[Opening GIVEN DATA section]
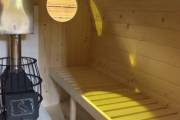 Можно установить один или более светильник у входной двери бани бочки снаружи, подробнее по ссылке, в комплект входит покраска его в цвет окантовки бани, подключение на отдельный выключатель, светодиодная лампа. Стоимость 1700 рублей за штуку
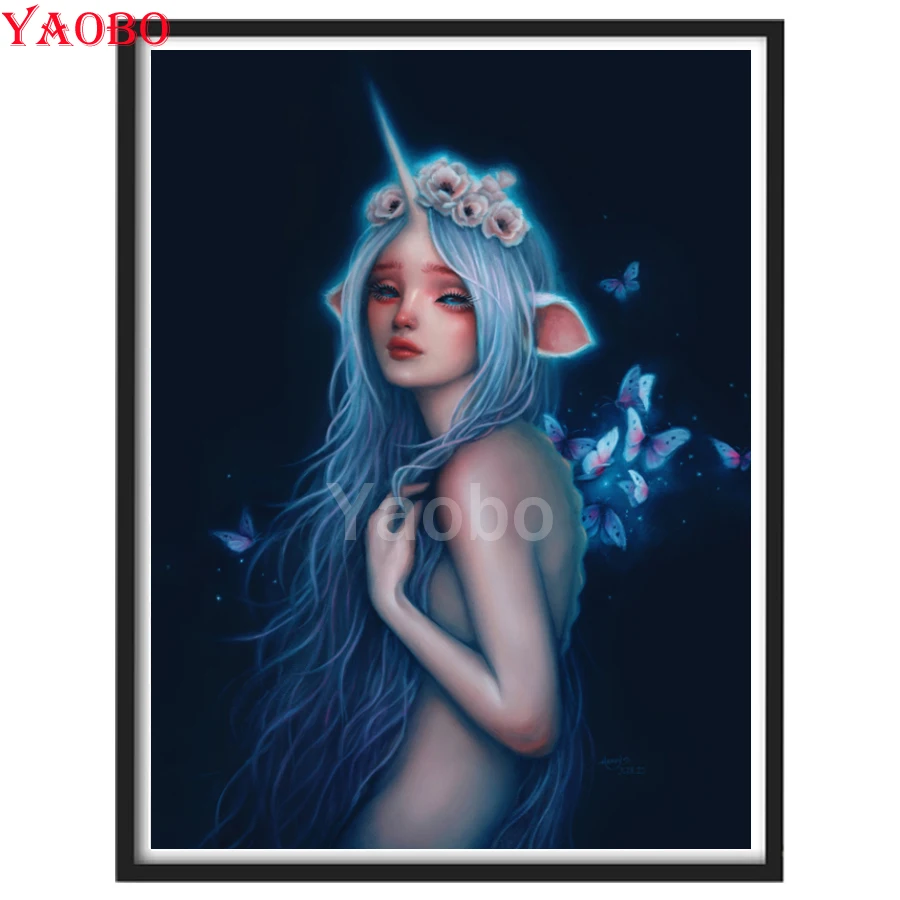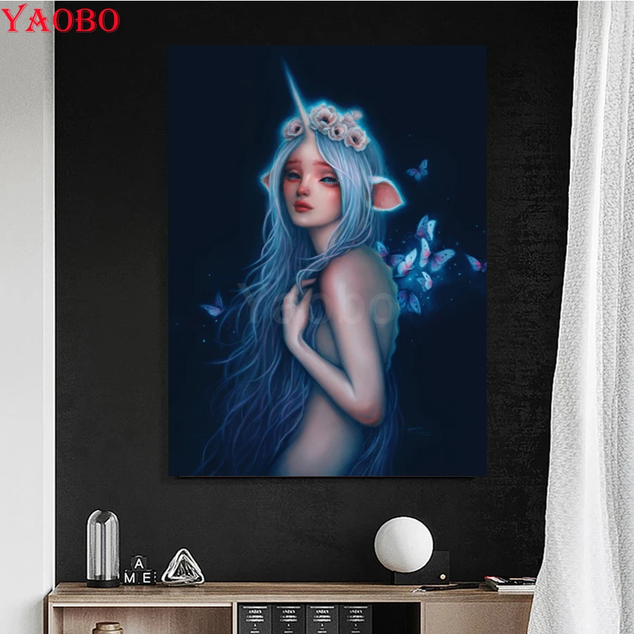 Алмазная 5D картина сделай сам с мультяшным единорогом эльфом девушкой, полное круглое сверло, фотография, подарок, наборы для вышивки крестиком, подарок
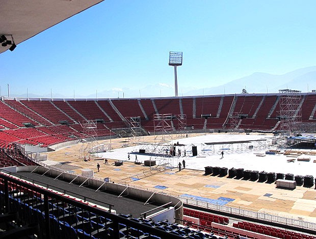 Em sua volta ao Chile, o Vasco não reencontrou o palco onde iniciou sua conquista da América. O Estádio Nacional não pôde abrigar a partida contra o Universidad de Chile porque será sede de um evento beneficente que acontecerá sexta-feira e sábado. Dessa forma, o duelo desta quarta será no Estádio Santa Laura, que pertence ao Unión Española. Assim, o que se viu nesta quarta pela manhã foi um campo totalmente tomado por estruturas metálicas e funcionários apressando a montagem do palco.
[Closing GIVEN DATA section]
WHAT THE TASK REQUIRES:
Copy out all the data exactly. The images should not appear in the copy.

PROBLEM SOLUTION:
 Можно установить один или более светильник у входной двери бани бочки снаружи, подробнее по ссылке, в комплект входит покраска его в цвет окантовки бани, подключение на отдельный выключатель, светодиодная лампа. Стоимость 1700 рублей за штуку
 Алмазная 5D картина сделай сам с мультяшным единорогом эльфом девушкой, полное круглое сверло, фотография, подарок, наборы для вышивки крестиком, подарок
 Em sua volta ao Chile, o Vasco não reencontrou o palco onde iniciou sua conquista da América. O Estádio Nacional não pôde abrigar a partida contra o Universidad de Chile porque será sede de um evento beneficente que acontecerá sexta-feira e sábado. Dessa forma, o duelo desta quarta será no Estádio Santa Laura, que pertence ao Unión Española. Assim, o que se viu nesta quarta pela manhã foi um campo totalmente tomado por estruturas metálicas e funcionários apressando a montagem do palco.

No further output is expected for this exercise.